Problem to work on —
Restate word for word the entries below, starting at the line with "今日绿循新能源 废锂电采购报价已更新,有货的朋友欢迎联系我们!" and ending at the line with "Wychowanie fizyczne na". Keep both end lines and omit the pictures.

──────── Given data

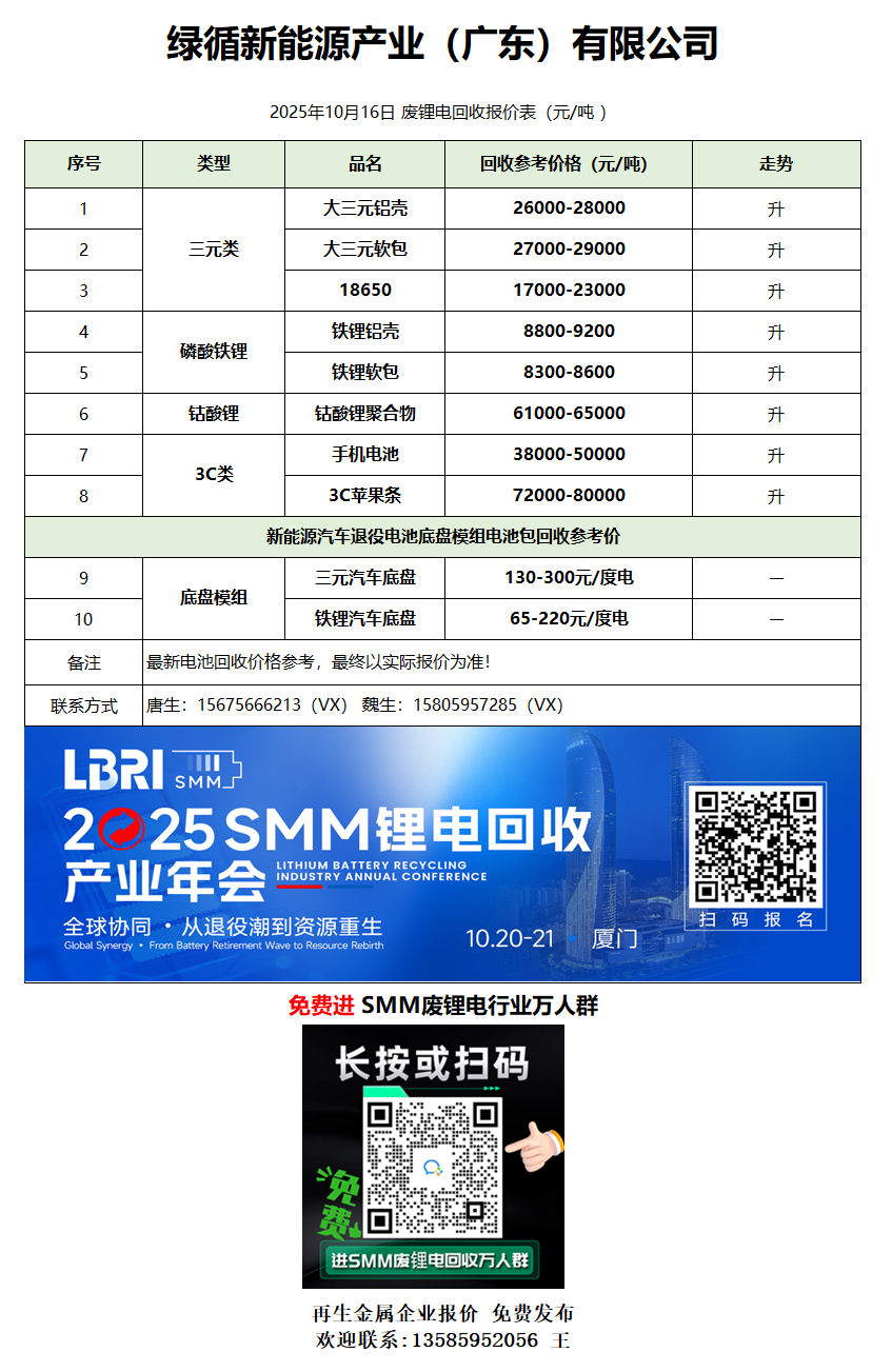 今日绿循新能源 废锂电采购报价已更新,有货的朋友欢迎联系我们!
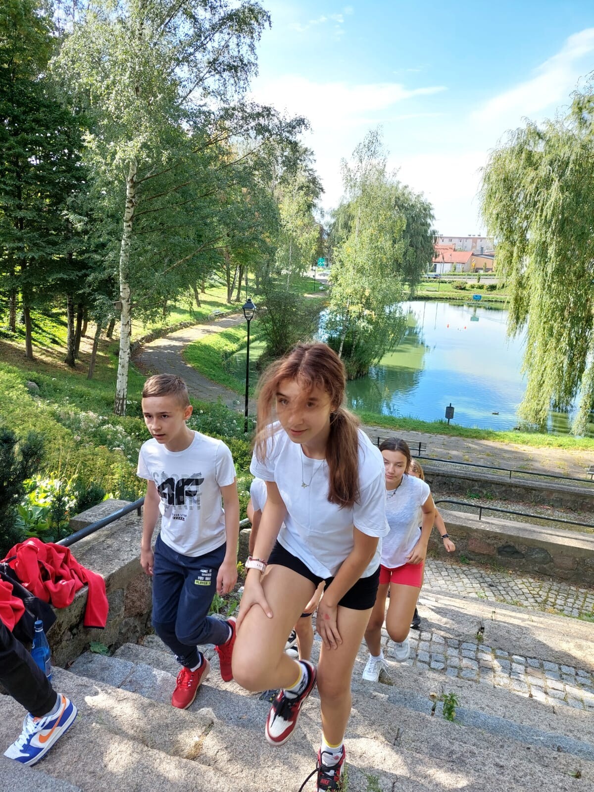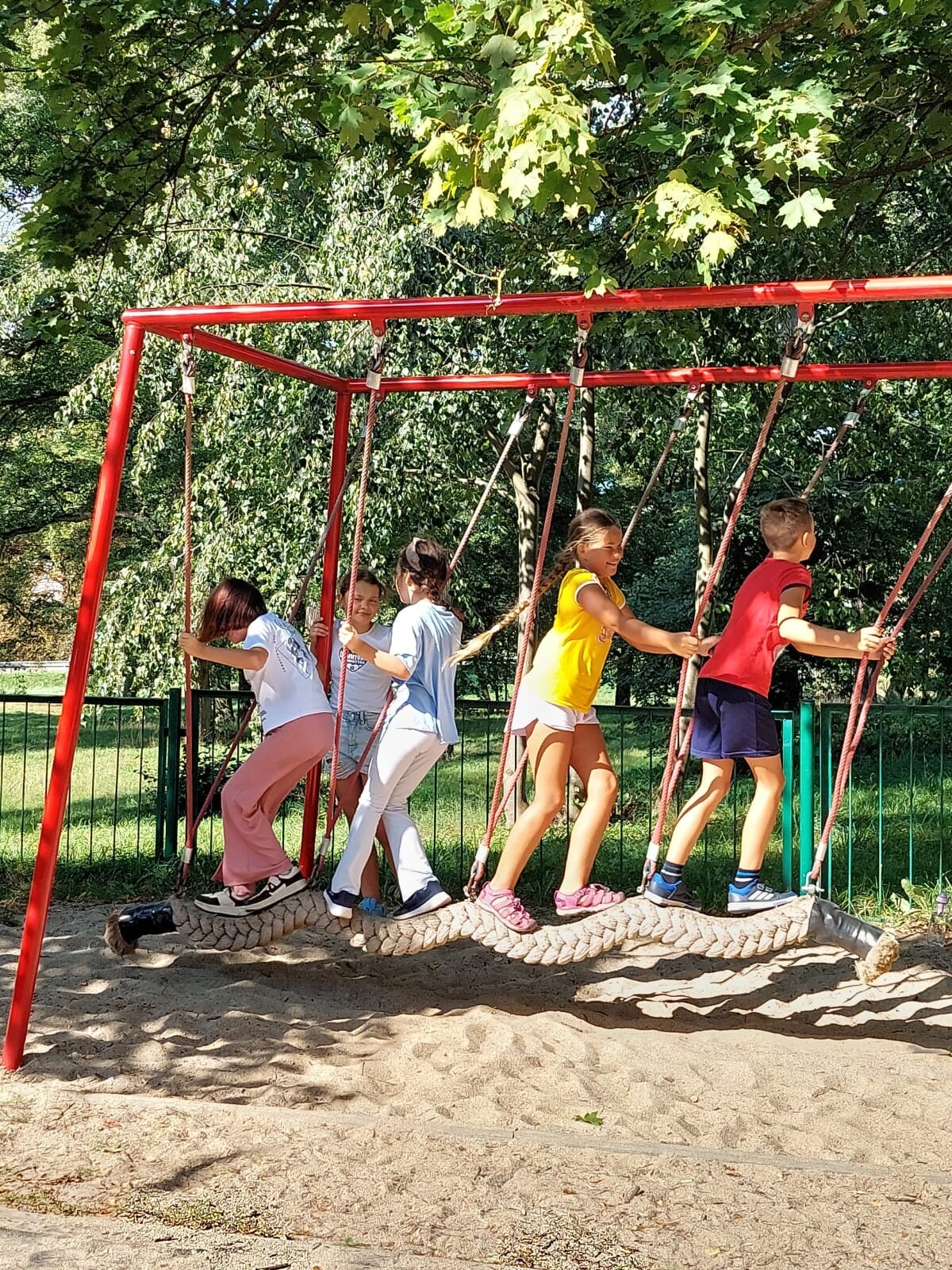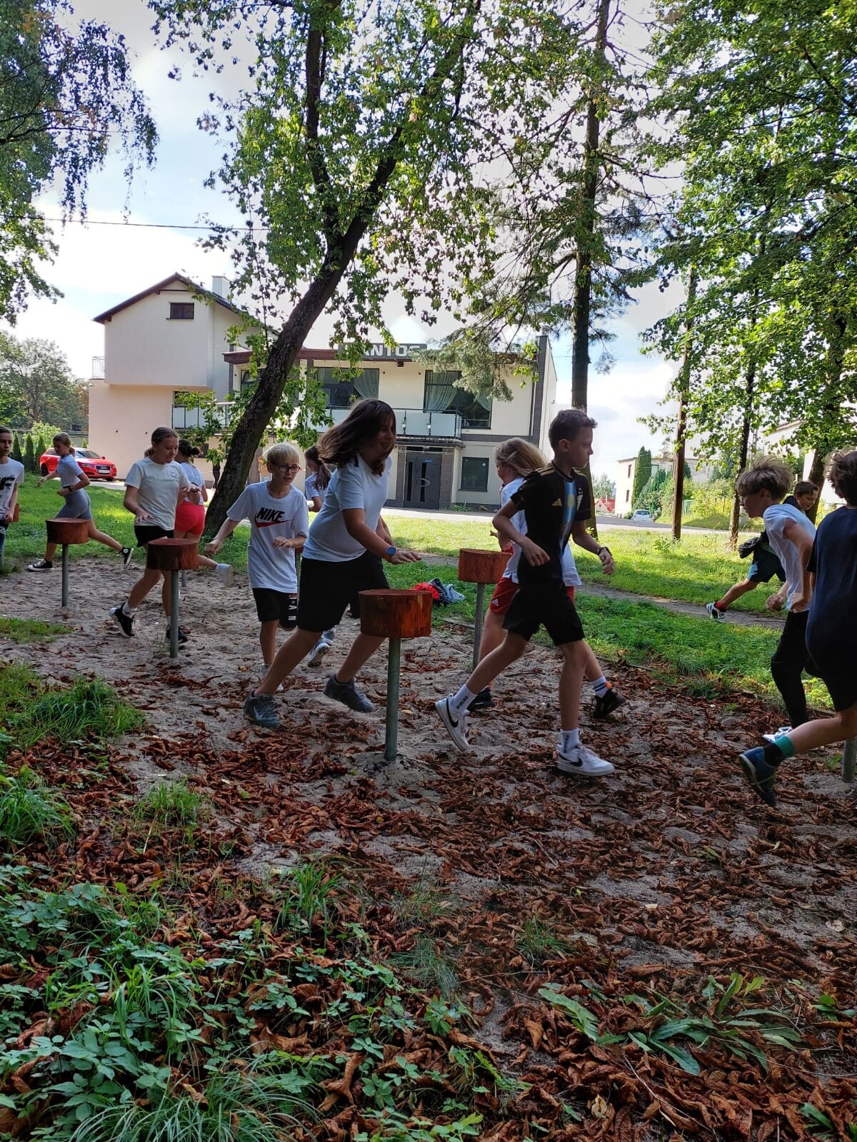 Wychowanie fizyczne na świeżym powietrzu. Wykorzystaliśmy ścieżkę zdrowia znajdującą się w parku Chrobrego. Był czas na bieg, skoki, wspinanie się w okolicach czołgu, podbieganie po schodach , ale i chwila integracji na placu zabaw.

────────────────
──────── Given data

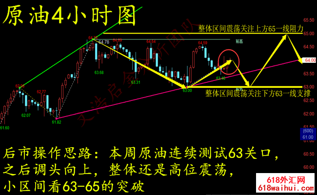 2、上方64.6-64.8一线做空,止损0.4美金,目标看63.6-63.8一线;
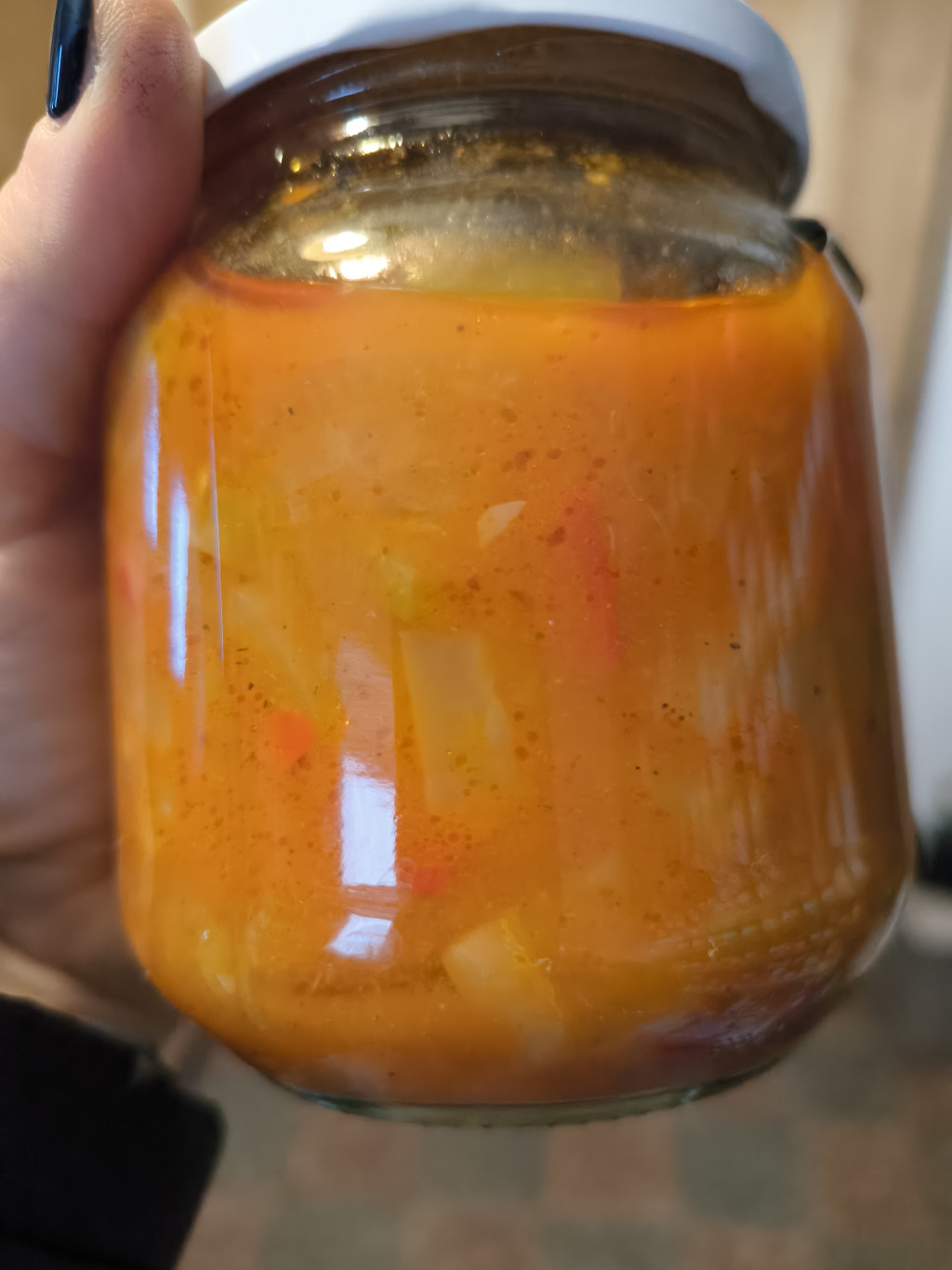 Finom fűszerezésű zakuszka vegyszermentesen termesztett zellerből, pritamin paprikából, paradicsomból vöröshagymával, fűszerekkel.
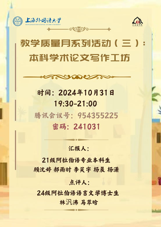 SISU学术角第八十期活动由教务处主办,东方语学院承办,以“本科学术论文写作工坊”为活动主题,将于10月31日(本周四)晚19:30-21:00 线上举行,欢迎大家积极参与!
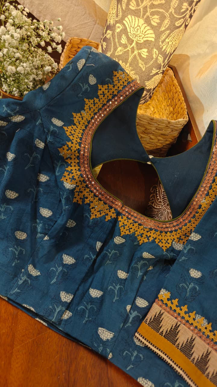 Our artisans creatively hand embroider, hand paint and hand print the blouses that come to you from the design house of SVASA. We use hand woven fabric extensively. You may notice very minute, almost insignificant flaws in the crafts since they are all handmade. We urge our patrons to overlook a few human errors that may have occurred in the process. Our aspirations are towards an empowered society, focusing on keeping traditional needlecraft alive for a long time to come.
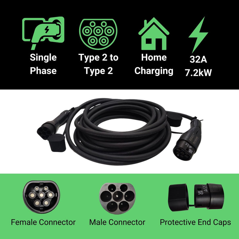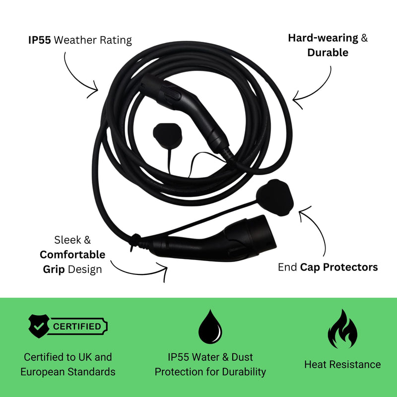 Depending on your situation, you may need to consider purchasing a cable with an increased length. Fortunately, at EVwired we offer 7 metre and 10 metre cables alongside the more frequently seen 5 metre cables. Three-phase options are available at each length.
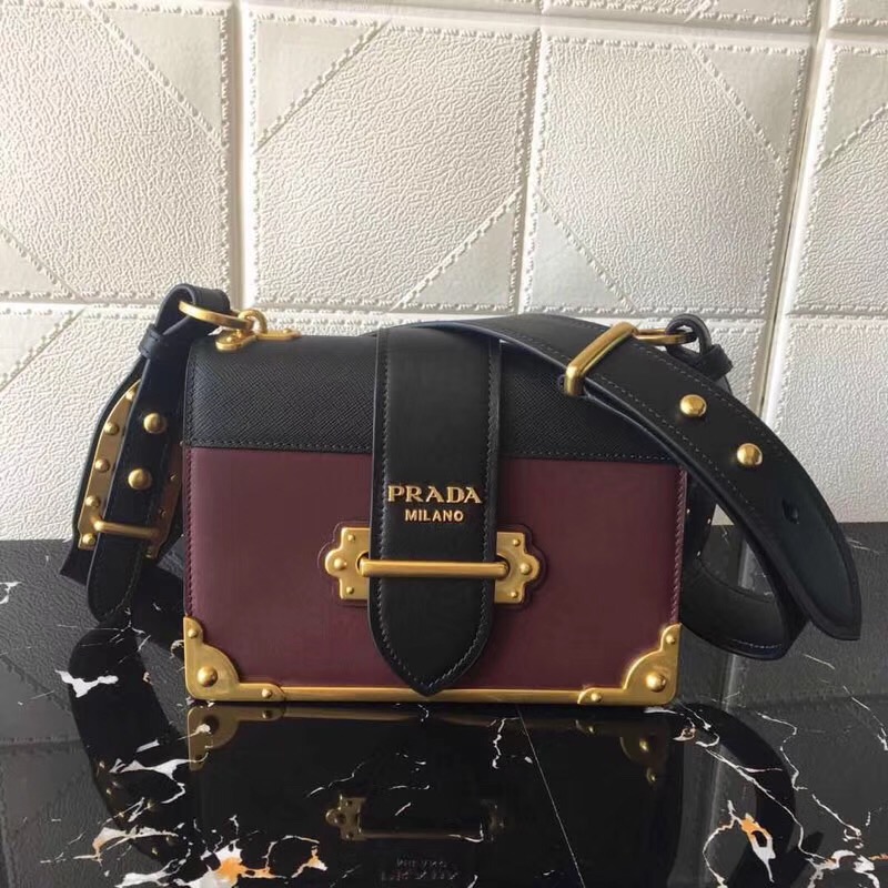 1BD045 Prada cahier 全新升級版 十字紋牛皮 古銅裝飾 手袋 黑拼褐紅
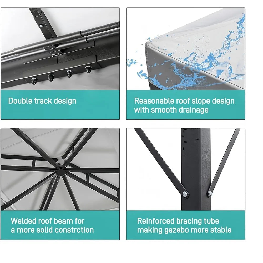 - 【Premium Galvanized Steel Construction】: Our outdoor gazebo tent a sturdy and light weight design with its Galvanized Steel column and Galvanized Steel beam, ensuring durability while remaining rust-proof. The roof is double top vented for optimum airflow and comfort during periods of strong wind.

────────────────
──────── Given data

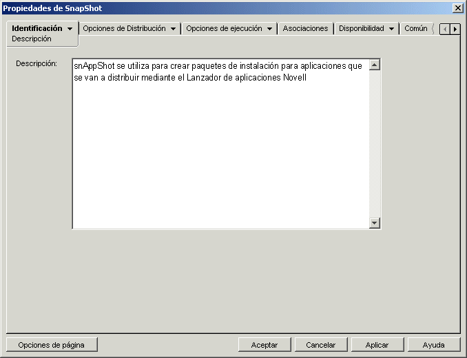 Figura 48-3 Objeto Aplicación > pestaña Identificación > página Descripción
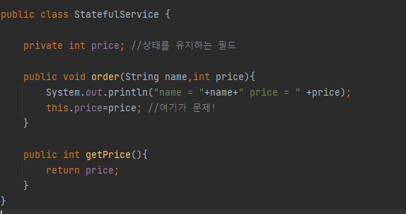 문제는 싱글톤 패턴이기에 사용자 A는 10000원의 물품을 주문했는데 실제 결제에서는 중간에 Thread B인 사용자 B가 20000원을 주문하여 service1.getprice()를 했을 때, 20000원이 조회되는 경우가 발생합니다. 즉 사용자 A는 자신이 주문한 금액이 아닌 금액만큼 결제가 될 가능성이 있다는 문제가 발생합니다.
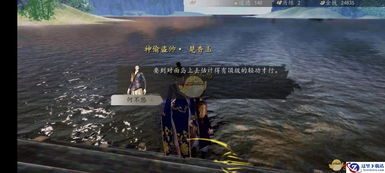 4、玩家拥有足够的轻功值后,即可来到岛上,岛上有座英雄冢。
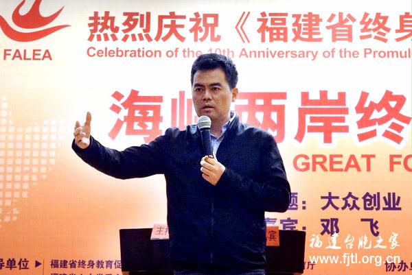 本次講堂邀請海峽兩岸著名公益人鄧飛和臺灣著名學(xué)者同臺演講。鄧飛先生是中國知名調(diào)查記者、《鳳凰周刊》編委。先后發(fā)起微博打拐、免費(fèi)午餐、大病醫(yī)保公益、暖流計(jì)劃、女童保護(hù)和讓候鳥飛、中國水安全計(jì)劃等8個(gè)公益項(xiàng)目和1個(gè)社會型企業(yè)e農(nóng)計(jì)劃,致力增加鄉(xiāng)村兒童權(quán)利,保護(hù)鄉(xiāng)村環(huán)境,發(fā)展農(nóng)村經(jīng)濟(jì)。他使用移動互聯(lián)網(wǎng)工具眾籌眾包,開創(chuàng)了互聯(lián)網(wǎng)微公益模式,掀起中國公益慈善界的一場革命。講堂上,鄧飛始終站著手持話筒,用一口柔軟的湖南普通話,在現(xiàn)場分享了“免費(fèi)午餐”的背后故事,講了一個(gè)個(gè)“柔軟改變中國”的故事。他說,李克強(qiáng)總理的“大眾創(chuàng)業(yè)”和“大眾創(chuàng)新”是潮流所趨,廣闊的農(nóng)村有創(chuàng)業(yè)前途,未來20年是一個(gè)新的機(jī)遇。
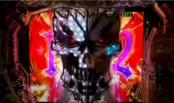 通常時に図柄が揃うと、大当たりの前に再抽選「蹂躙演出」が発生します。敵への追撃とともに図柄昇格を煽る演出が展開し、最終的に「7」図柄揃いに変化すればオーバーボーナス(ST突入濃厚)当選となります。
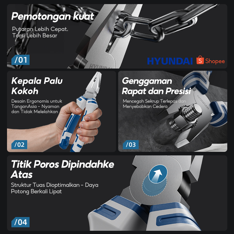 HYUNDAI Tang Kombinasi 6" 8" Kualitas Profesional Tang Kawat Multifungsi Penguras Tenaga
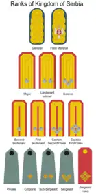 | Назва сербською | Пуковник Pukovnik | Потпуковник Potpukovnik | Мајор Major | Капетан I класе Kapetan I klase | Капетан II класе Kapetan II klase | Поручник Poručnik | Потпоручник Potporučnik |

────────────────

Output for this exercise —
 今日绿循新能源 废锂电采购报价已更新,有货的朋友欢迎联系我们!
 Wychowanie fizyczne na świeżym powietrzu. Wykorzystaliśmy ścieżkę zdrowia znajdującą się w parku Chrobrego. Był czas na bieg, skoki, wspinanie się w okolicach czołgu, podbieganie po schodach , ale i chwila integracji na placu zabaw.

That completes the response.